Aside from putting custom ROM's on your tablet there are a few benefits that I can think of.

1. The ability to run "root only" programs such as titanium backup, sqlite, etc.
2. Tweeking of the system for better performance. There is a thread on XDA which tells you how to tweek the system and edit the build.prop file to increase performance without flashing a new ROM. I have not seen that tread on Rootzwiki or I would provide a link. I will be applying the changes and testing today if you are interested in the results.

Hopefully this helps and others have more to add!


----------



## AzJazz (Jun 10, 2011)

Another benefit from rooting is that it will allow you to wifi tether to your cell phone, not just wifi routers.

Sent from my Borg implant over VZW LTE.


----------



## Xanius (Jul 25, 2011)

AzJazz said:


> Another benefit from rooting is that it will allow you to wifi tether to your cell phone, not just wifi routers.
> 
> Sent from my Borg implant over VZW LTE.


I tether to my phone without root using barnacle. There is a downside to root, you are unable to use youtube to watch movies because google checks for that kind of thing(it's required by the content developers because the movie studios are asshats).


----------



## Patrick A. (Oct 6, 2011)

Have you tried the app vodoo root keeper?

Sent from my Transformer TF101 using RootzWiki


----------



## kermur (Nov 19, 2011)

Not sure what you are talking about regarding YouTube. I watch YouTube movies on all of my rooted devices. And, is the issue with tethering to a phone related to the phone being in "ad-hoc" mode? On my rooted samsung phone, im able to set the wifi share to "infrastructure" mode- allowing all devices to connect.

Kermur

Sent from my Transformer TF101 using RootzWiki


----------



## Thing O Doom (May 30, 2012)

Yeah, youtube works fine on root.

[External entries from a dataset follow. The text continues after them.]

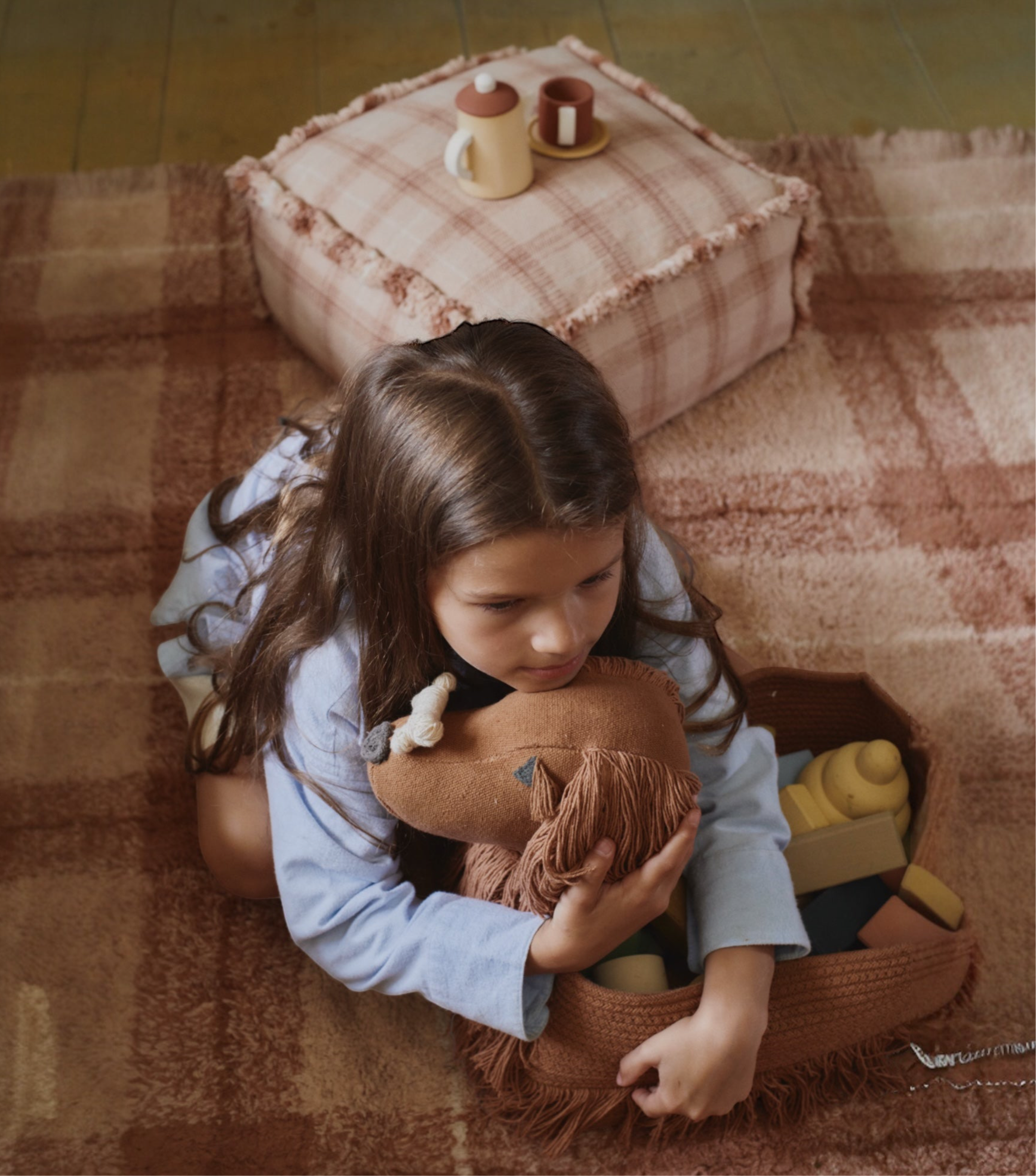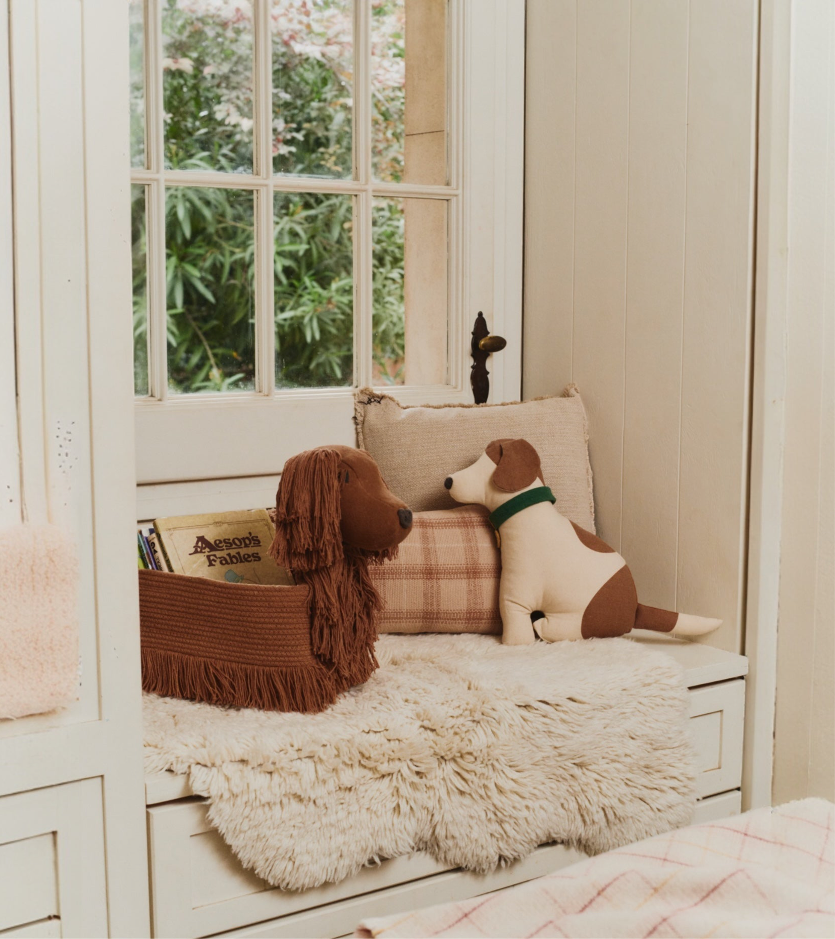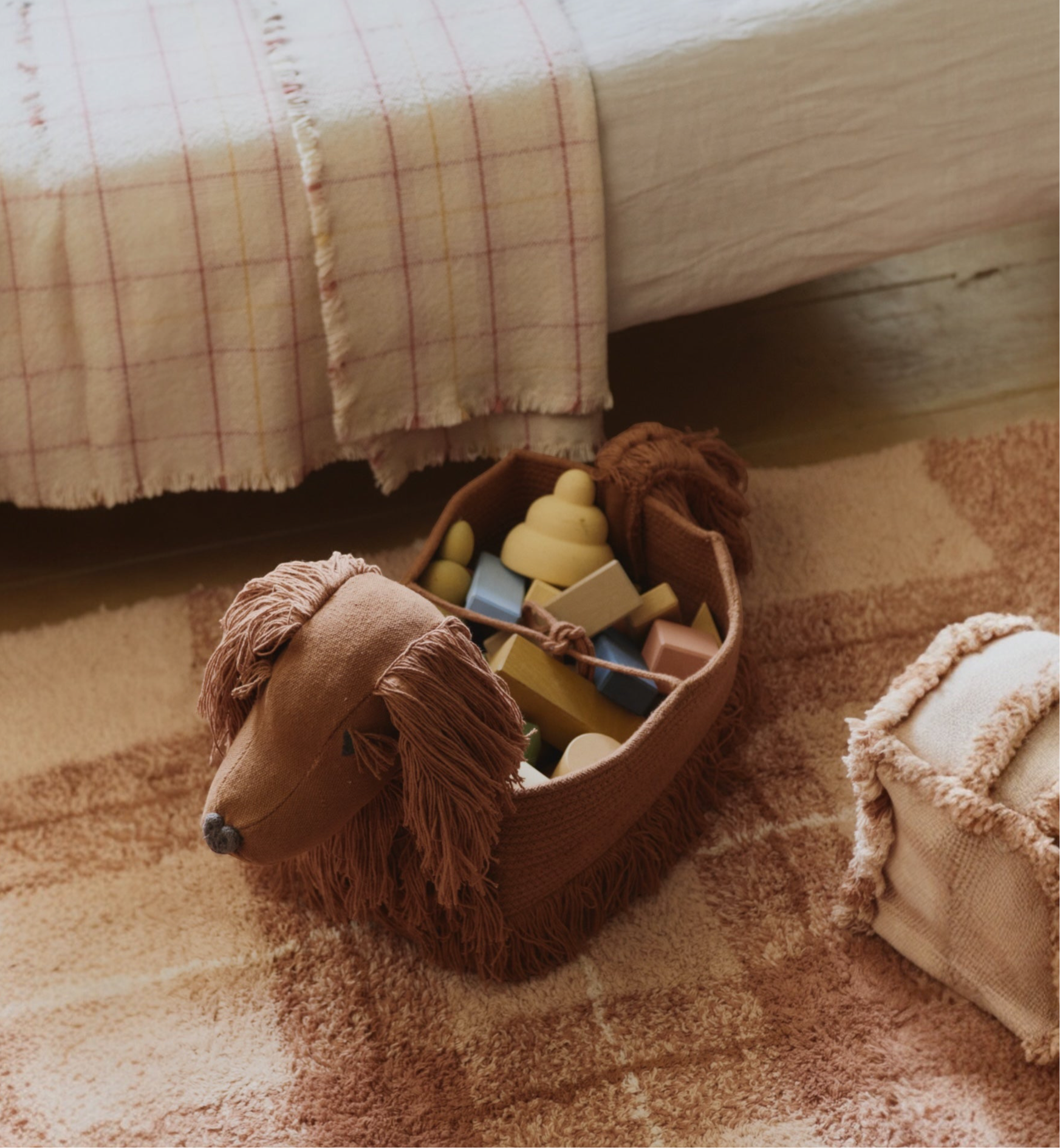 Lerne Poppy und ihren flauschigen Schwanz kennen! Der handgefertigte Korb "Poppy" von Lorena Canals ist von der Silhouette eines Setters inspiriert. Mit Fransenlagen, gestickten Wimpern und einem Spielzeugknochen ist er perfekt für tierliebe Kinderzimmer. Hergestellt aus 67 % Baumwolle und 33 % Polyesterfasern.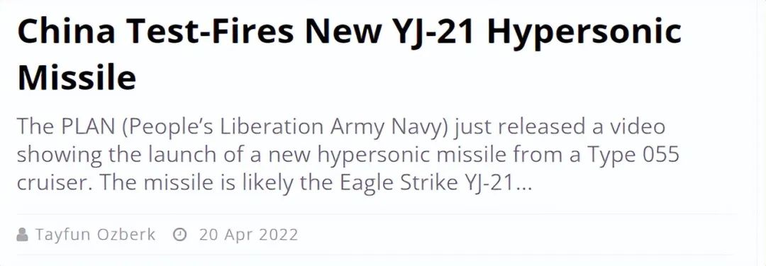 美國“海軍新聞”網(wǎng)站20日在“中國試射新型鷹擊-21高超音速導(dǎo)彈”的報道中提到,中國海軍近日發(fā)布了一段新型導(dǎo)彈從055型驅(qū)逐艦上升空的視頻。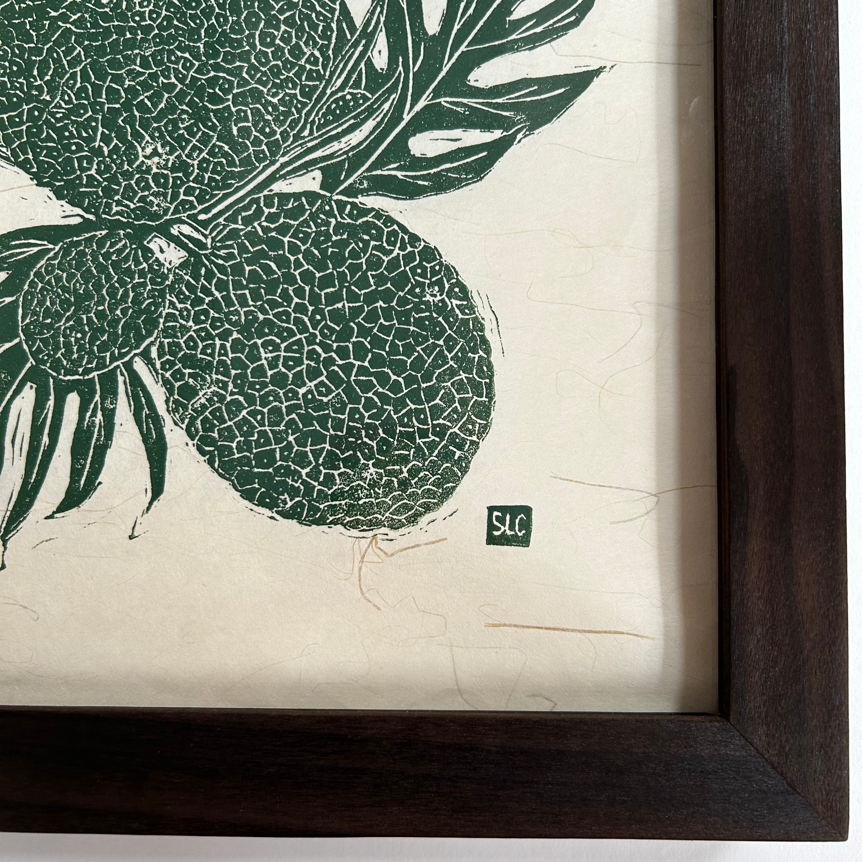 • Each piece is hand crafted and as so will differ both in print(pattern placement, stamp texture, etc...) and in frame finish(wood grain, stain tone, etc...)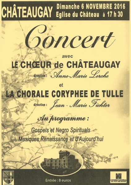 Le choeur de châteaugay accueillera la Chorale Coryphée* de Tulle pour un concert de musiques partagées.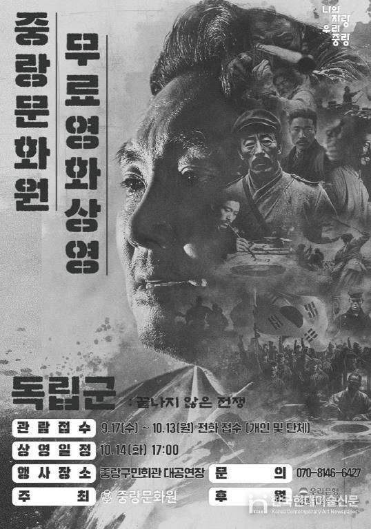 한국현대미술신문 배건 기자 | 중랑구는 오는 10월 14일 오후 3시와 5시, 중랑구민회관 대공연장에서 광복 80주년을 기념하는 영화 ‘독립군’을 상영한다. 이번 상영회는 중랑문화원이 주최해 선열들의 희생과 숭고한 뜻을 되새기는 특별한 자리로 마련됐다.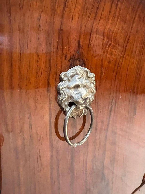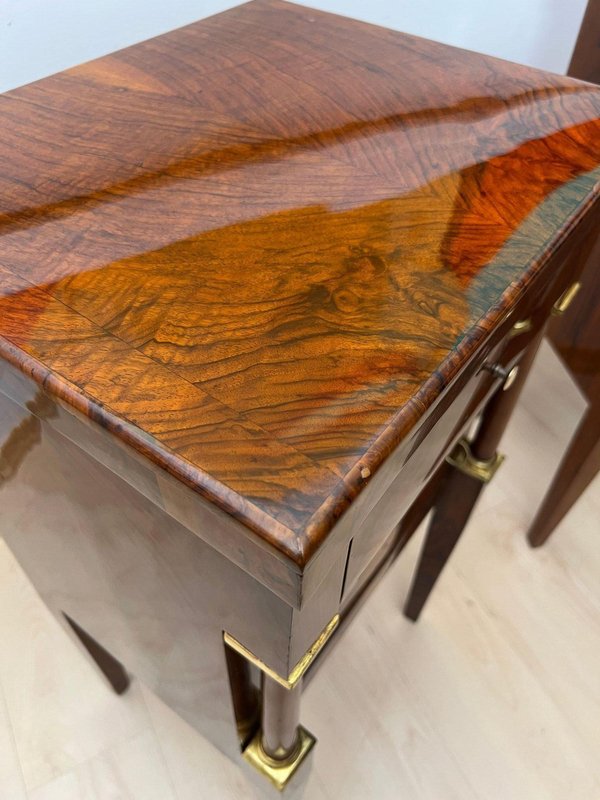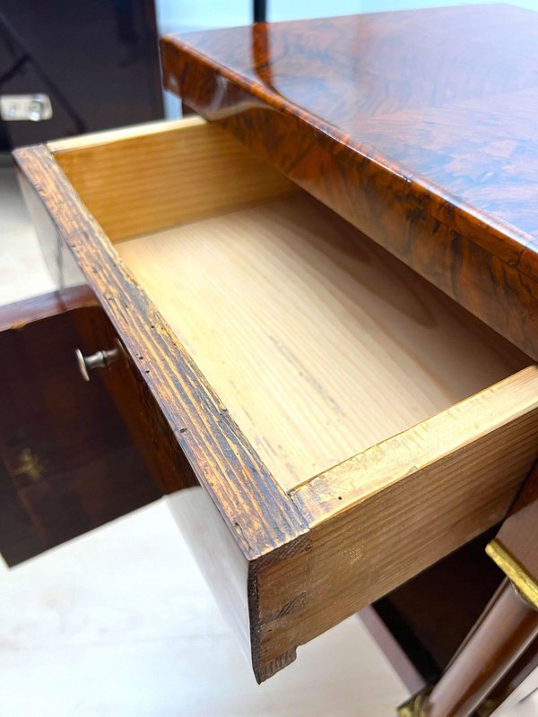 Noce, impiallacciato su legno dolce e noce massiccio. Due colonne massicce con capitelli e basi in foglia d'oro. Un'anta ciascuna nella parte inferiore con ferramenta originale in ottone con testa di leone e anello. Un cassetto ciascuno nella parte superiore con pomello in ottone.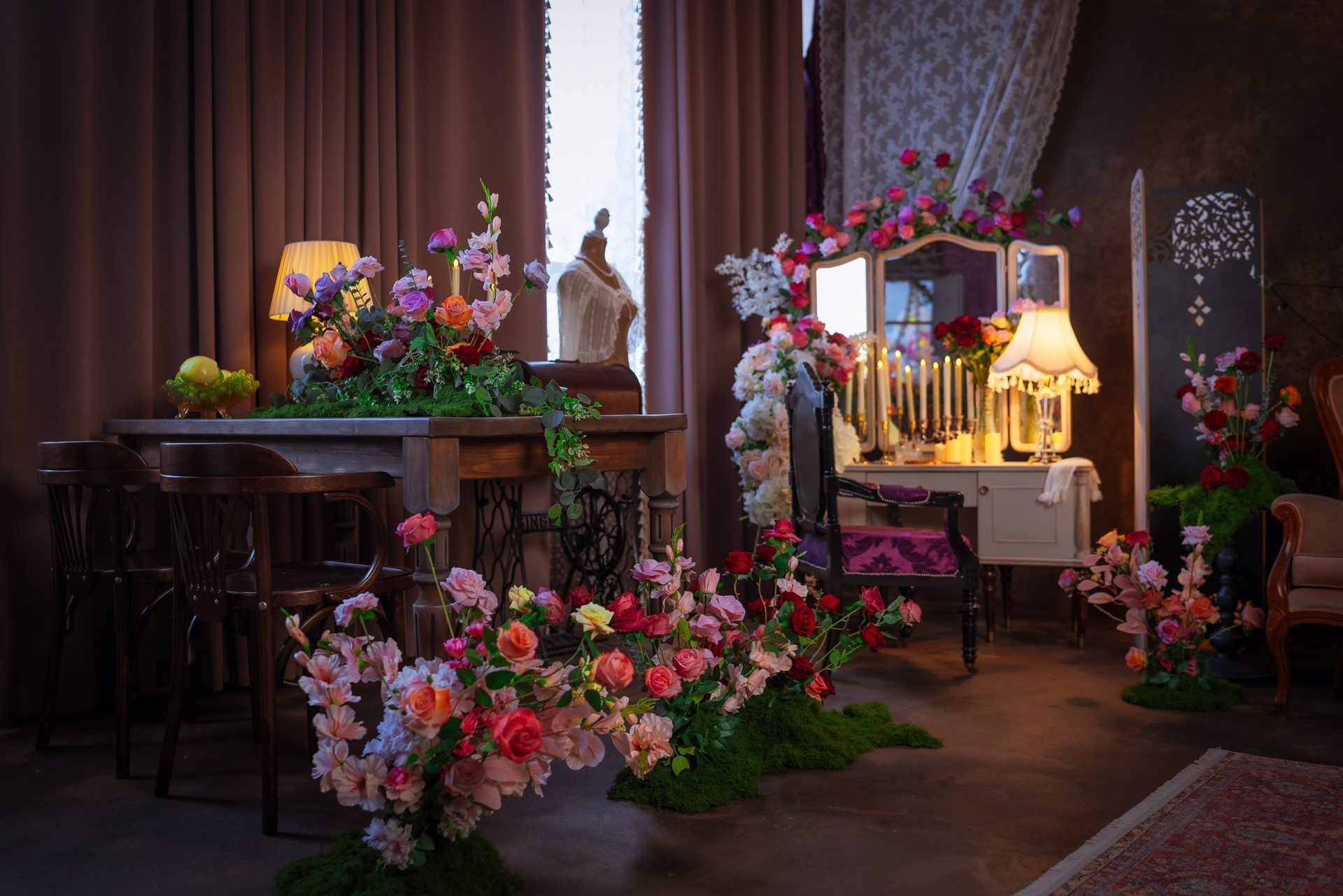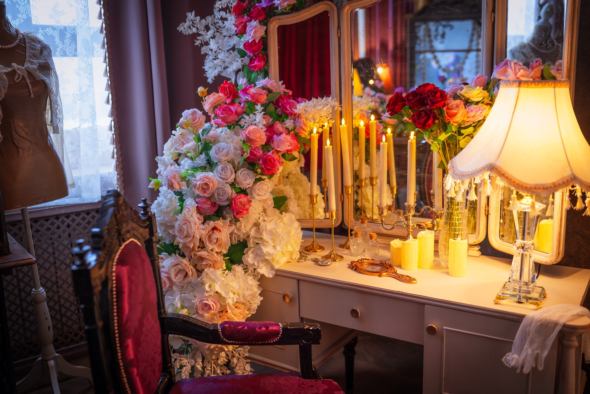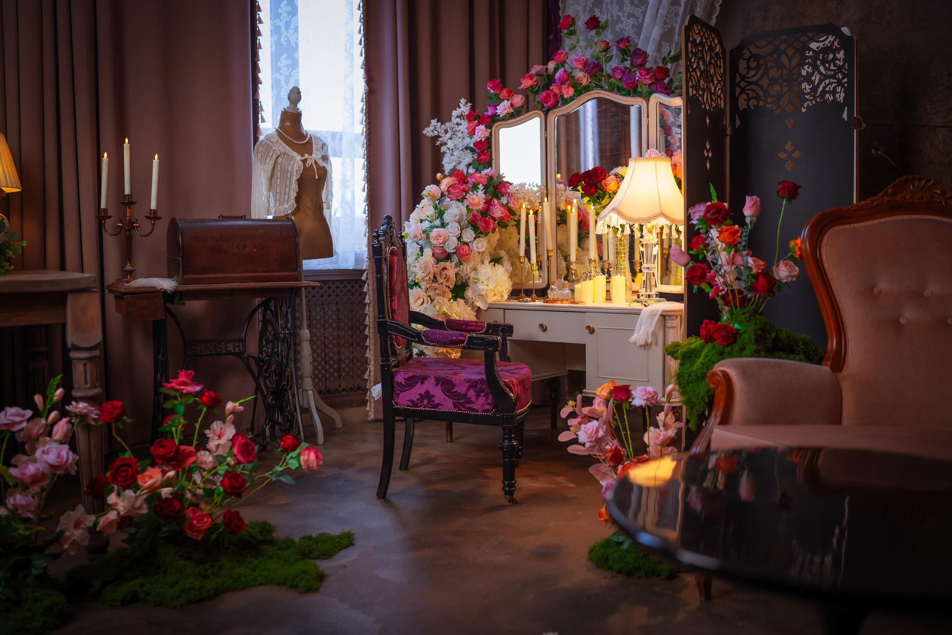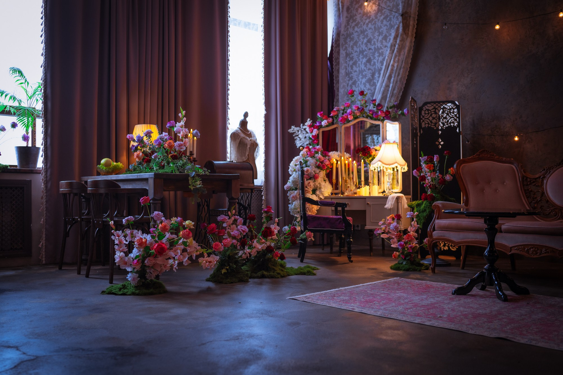 Туалетный столик, обеденная группа и диван. Локация украшена искусственными цветами, декоративным мхом и электронными свечами.

I don't see any drawbacks to root - aside from void of warranty and minor possibility of brick if you aren't careful.
As far as tether, some carriers check if you're tethering without paying by device/browser IDS. (Why would google Chrome be coming off of a GB phone.. etc)


----------



## sergej931 (May 3, 2012)

Asrmatt said:


> 2. Tweeking of the system for better performance. There is a thread on XDA which tells you how to tweek the system and edit the build.prop file to increase performance without flashing a new ROM. I have not seen that tread on Rootzwiki or I would provide a link. I will be applying the changes and testing today if you are interested in the results.


I would be interested in a post.


----------